» **WHAT YOU SHOULD DO**
Word for word, output every line of the material below, minus pictures.

» **DATA SEGMENT**
------------------------------------------------------------

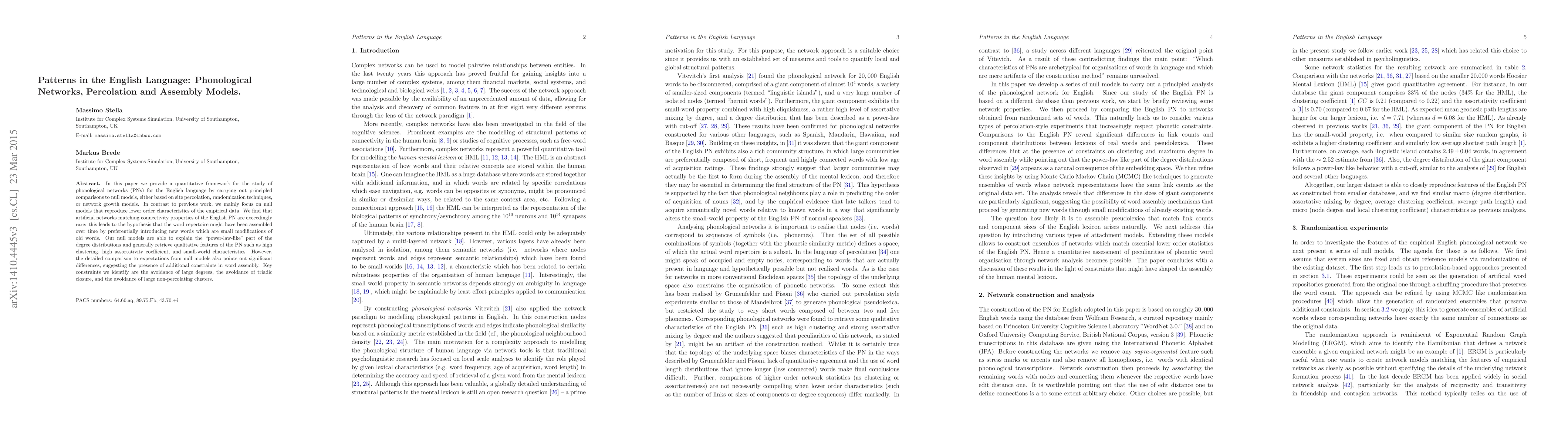 This paper develops a quantitative framework to analyze phonological networks in English, comparing them to null models based on percolation and randomization. The study finds that networks resembling English phonological structures are rare, suggesting a historical assembly process favoring small modifications of existing words.
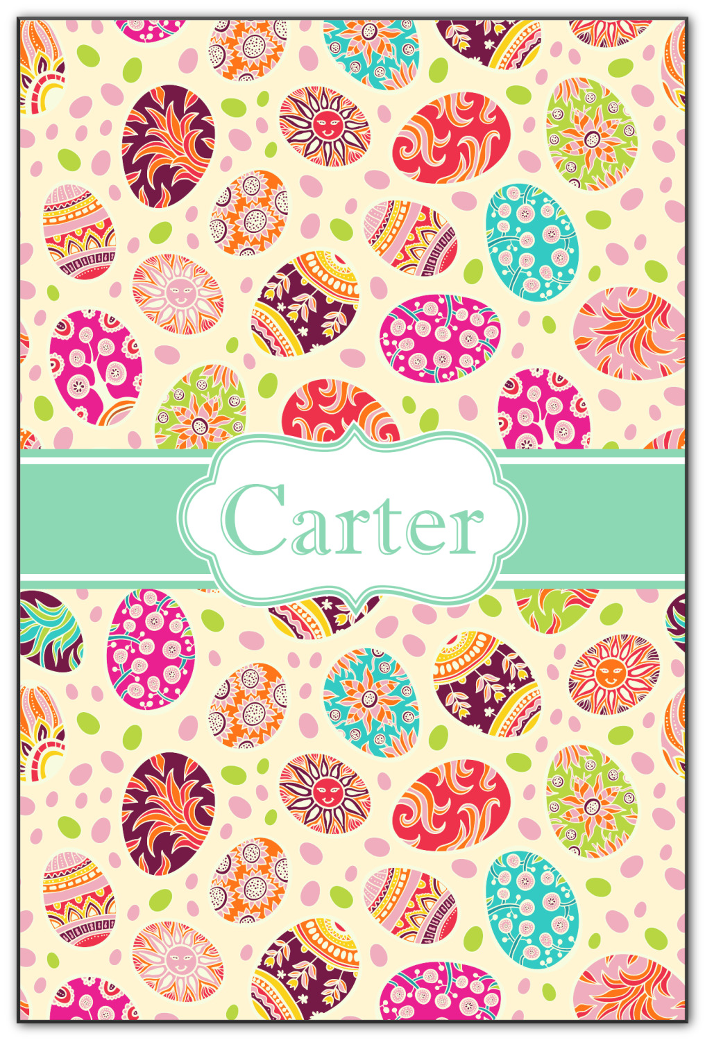 Celebrate Easter with this graphic and whimsical design! Featured in the design are multicolored, patterned Easter eggs and pink and green jelly beans on a cream background.
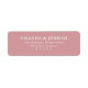 This label features a clean, minimalist design with centered text on a soft pink background. The elegant serif font adds a touch of sophistication, making it perfect for formal occasions. Its simple layout focuses solely on the essential information, ensuring clarity and readability while maintaining an approachable yet refined aesthetic. Ideal for weddings or special events, this label combines timeless style with practical functionality.

------------------------------------------------------------

» **OUTPUT BELOW**
 This paper develops a quantitative framework to analyze phonological networks in English, comparing them to null models based on percolation and randomization. The study finds that networks resembling English phonological structures are rare, suggesting a historical assembly process favoring small modifications of existing words.
 Celebrate Easter with this graphic and whimsical design! Featured in the design are multicolored, patterned Easter eggs and pink and green jelly beans on a cream background.
 This label features a clean, minimalist design with centered text on a soft pink background. The elegant serif font adds a touch of sophistication, making it perfect for formal occasions. Its simple layout focuses solely on the essential information, ensuring clarity and readability while maintaining an approachable yet refined aesthetic. Ideal for weddings or special events, this label combines timeless style with practical functionality.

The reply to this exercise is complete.